Like the idea of an extract but just wanted something down and dirty?


----------



## brettprevans (17/2/09)

read my edit for a couple down and dirty good old fashioned K&K


----------



## chappo1970 (17/2/09)

*Kenzie Hop Draught eh?

*Got the grains
Got the hops
Got the fermentables

Simple 

CM2 your the business mate! Cheers


----------



## brettprevans (17/2/09)

umm yeah i edited out the draught as we all know draught is a method of serving not a style. kenzie hop ale. a nice simple hoppy ale. true to form as being simple good old fashioned K&K as it has maltodex and dex in there.
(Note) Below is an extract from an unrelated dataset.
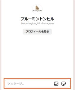 上記のリンクからアカウントを表示し、メッセ―ジボタンをタップします。
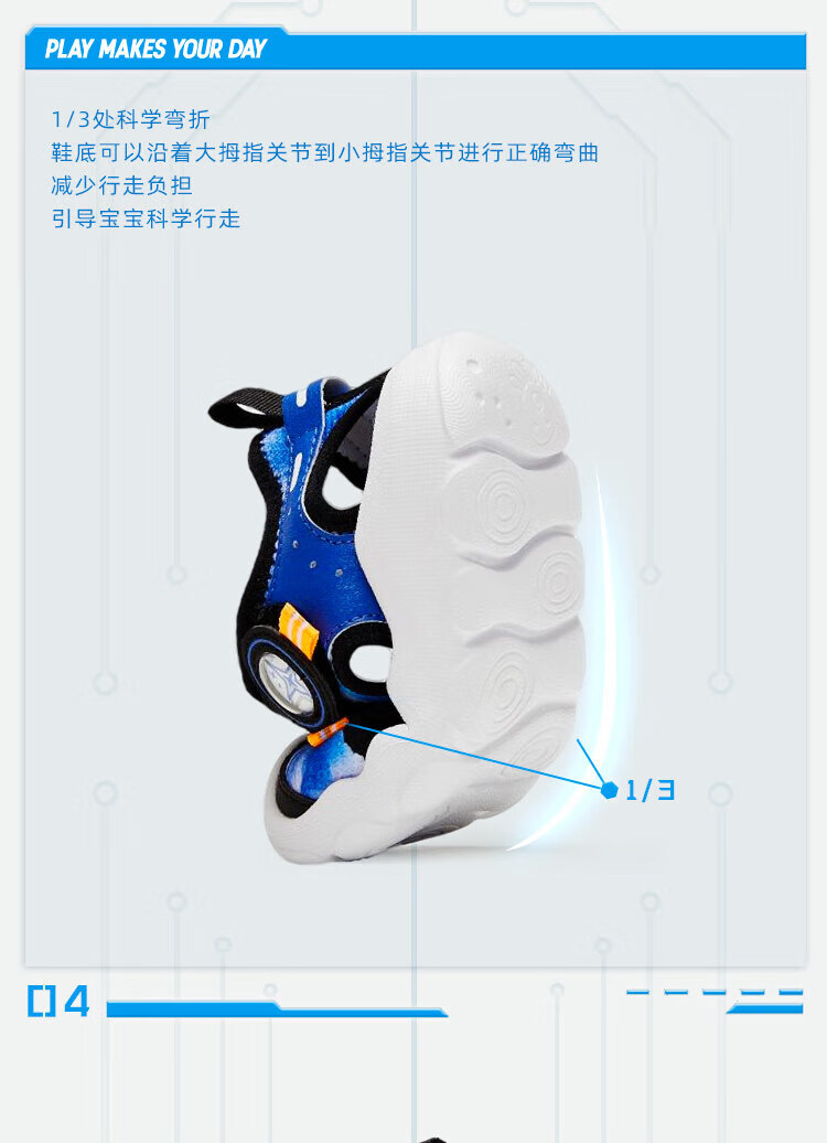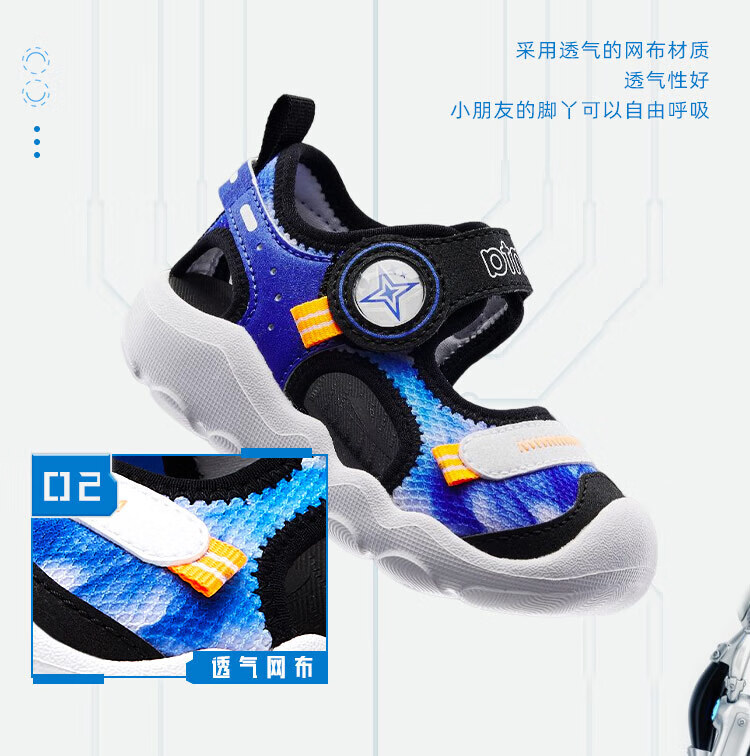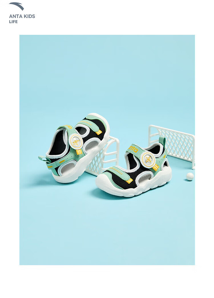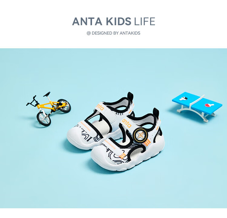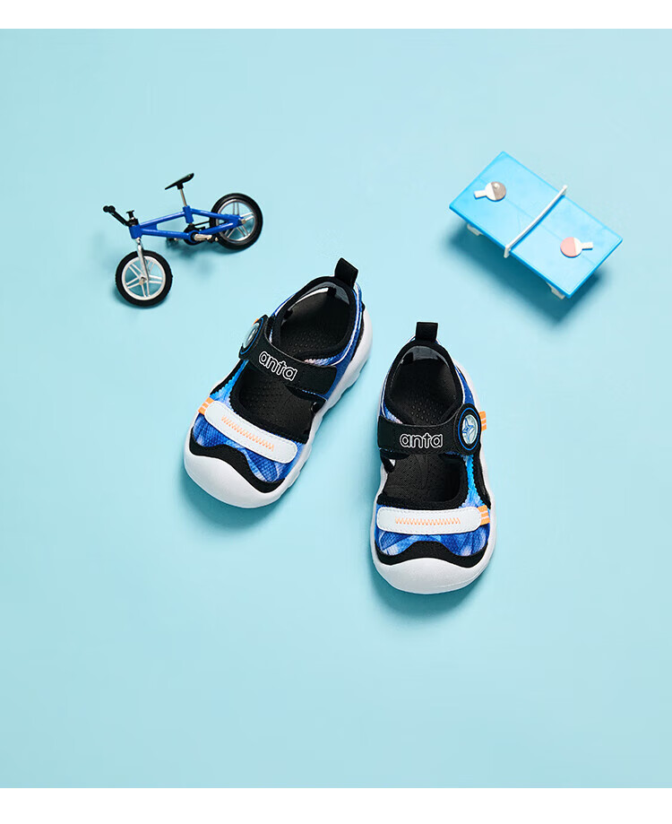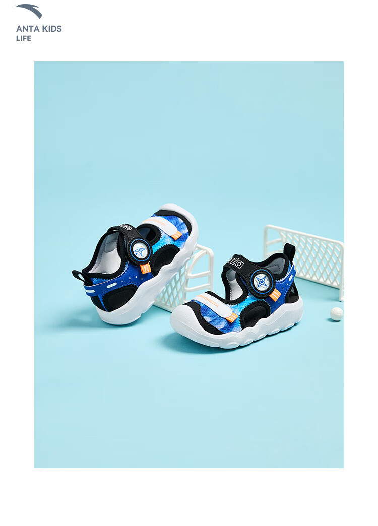 ANTA children's sandals, men's and women's shoes, 2025 summer new breathable Velcro octopus toe and foot protection beach shoes, men's model, pure blue/Anta white/black-4 20

EdIT: aive edit out the 'bought up to 80C'. wtf was i thinking. steep at ~70C is plenty.


----------



## chappo1970 (17/2/09)

What about this?

*Kenzie Hop Ale* (i actually liked this one but you could belt up the hops somewhat)
1.7 kg tin lager goop
500 g light dried malt 
400 g dextrose (sub 150g dex for LDME)
250 g Icing Sugar (Keep Butters happy)

30 g cluster hops @ 20 mins 
20g cascade hops @10min
30 g cluster hops @ 1 min 
20g cascade hops @1min

specialty grains 
250 g crystal 
150 g carapils 
bought up to 74C from cold water, then both steeped roughly 70/c for 1/2 hour then boiled for 20 mins before adding LDM and hops 
yeast safale -04 (could have used either us-56)
brew at 16-20C
OG 1.046, FG 1.014, 4.9%


----------



## brettprevans (18/2/09)

yup looks good. nice and hoppy. you got a good bang of hops from the other one but being a bit of a hop head an increase is nice. nice casual drinking ale.


----------